Sito a Peraleda de la Mata nella provincia di Cáceres, il dolmen di Guadalperal fu sommerso dall'acqua – assieme a molti altri siti archeologici simili – quando il regime del generale Francisco Franco decise di costruire il bacino idrico di Valdecañas, nel 1963. Da allora, come indicato, spuntavano dalla superficie solo le porzioni più elevate dei menhir alti circa due metri. Ma la siccità devastante legata ai cambiamenti climatici lo ha riportato alla luce questa estate, purtroppo non nel suo antico splendore. Le pietre di ciò che rimane del dolmen, infatti, sono porose e l'acqua le ha deteriorate sensibilmente. A causa della posizione delicata e dei danni che ha subito, l'Associazione Culturale Radici di Peraleda ha proposto la rimozione del monumento e la collocazione in un luogo più sicuro, benché non tutti gli scienziati siano concordi, almeno non prima di averlo studiato a fondo nel suo luogo di origine, dove potrebbero essere trovati reperti preziosissimi.

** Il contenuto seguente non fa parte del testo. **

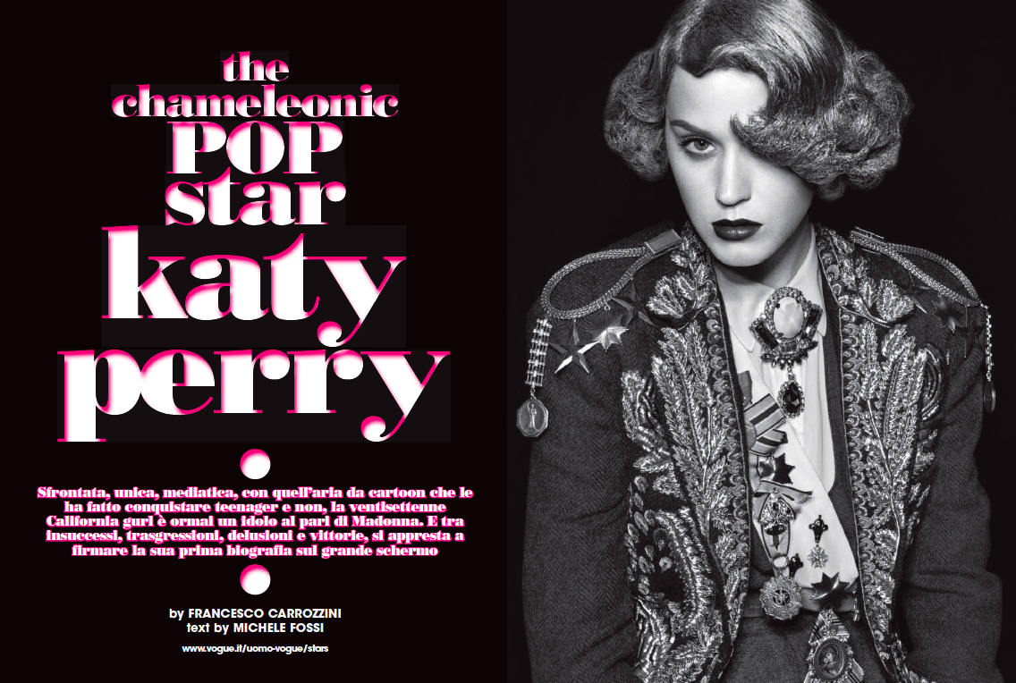 «Sono cresciuta in una famiglia molto religiosa» ha dichiarato, «dove l’unica musica che mi era concesso ascoltare era il gospel. Passare pomeriggi a guardare Mtv come le mie coetanee? Impensabile. Il solo fatto di nominare Madonna era considerato un atto blasfemo». I genitori, notata la sua spiccata inclinazione musicale, la incoraggiano tuttavia ad intraprendere una carriera di cantante, purché si trattasse di musica religiosa. Dopo aver cantato per anni nel coro di una chiesa, nel 2001 Katy Perry pubblica con il suo vero nome – Katy Hudson – un album omonimo di canzoni gospel, che passa tuttavia del tutto inosservato. È il primo di una lunga serie di fiaschi e porte sbattute in faccia, di false speranze seguite inevitabilmente da cocenti delusioni: per ben due volte, importanti case discografiche le offrono un contratto salvo poi ritrattare all’ultimo minuto. Fino al 2008, quando ne firma uno con la Capitol Music Group, la lungimirante casa discografica che produce il suo primo album pop, “One of the boys”, affidandolo alle mani di Dr. Luke, talentuoso producer di Alanis Morissette. La miscela tra i due si rivela esplosiva e fa immediatamente boom: “Hot n cold” raggiunge le vette delle classifiche di oltre quindici paesi e le top 10 di tutti gli stati dove era stata diffusa; “I kissed a girl” viene scaricata 3.8 milioni di volte. Tra i prossimi progetti della cantante vi è un docu-film autobiografico in 3D intitolato “Katy Perry. A part of me” la cui uscita negli Stati Uniti è prevista per il 4 Luglio (per vederlo nelle sale italiane dovremo attendere invece il 4 Agosto), che toccherà, promette, “everything in between”, incluso il dolore per la separazione dall’attore, comico e presentatore britannico Russell Brand, con cui Katy è stata sposata quindici mesi (una delle relazioni più mediatizzate degli ultimi tempi, con tanto di canale twitter dedicato), fino all’avvio delle pratiche di divorzio, lo scorso febbraio. Una sofferenza che la cantante non ha esitato a definire “devastante”, e che influenzerà il suo prossimo lavoro musicale. «Sarà un album decisamente più cupo dei precedenti», promette. «Era inevitabile, dopo quello che ho vissuto. Se avessi una macchina del tempo e potessi tornare indietro, lo farei. Ma tant’è. Scoprirete un’altra parte di me».

Attualmente il cerchio di pietre è costituito da 140 “pezzi” disposti sia in verticale che in orizzontale, e alcuni erano posti sopra quelli verticali per formare il classico dolmen. Gli archeologi ritengono che razzie – operate sin dal tempo dei romani – , atti vandalici e gli effetti dell'acqua abbiano spazzato via molti degli oggetti preziosi presenti nel sito. Secondo alcuni, infatti, si sarebbe trattato anche di un luogo di sepoltura, oltre che di un tempio solare/osservatorio celeste analogo allo Stonehenge britannico, sebbene di dimensioni più conteute. Su uno dei menhir dell'ingresso, che era lungo 21 metri, sono scolpiti un serpente e altri simboli dalla forma umana che probabilmente furono messi a protezione del luogo sacro. Il sito megalitico è stato modificato nel corso dei secoli con l'aggiunta di nuove pietre e strutture, fino a renderlo un rifugio chiuso e appunto un probabile luogo di sepoltura. Grazie all'occasione offerta dalla siccità gli scienziati lo stanno studiando nel dettaglio, in attesa di decidere se spostarlo o meno.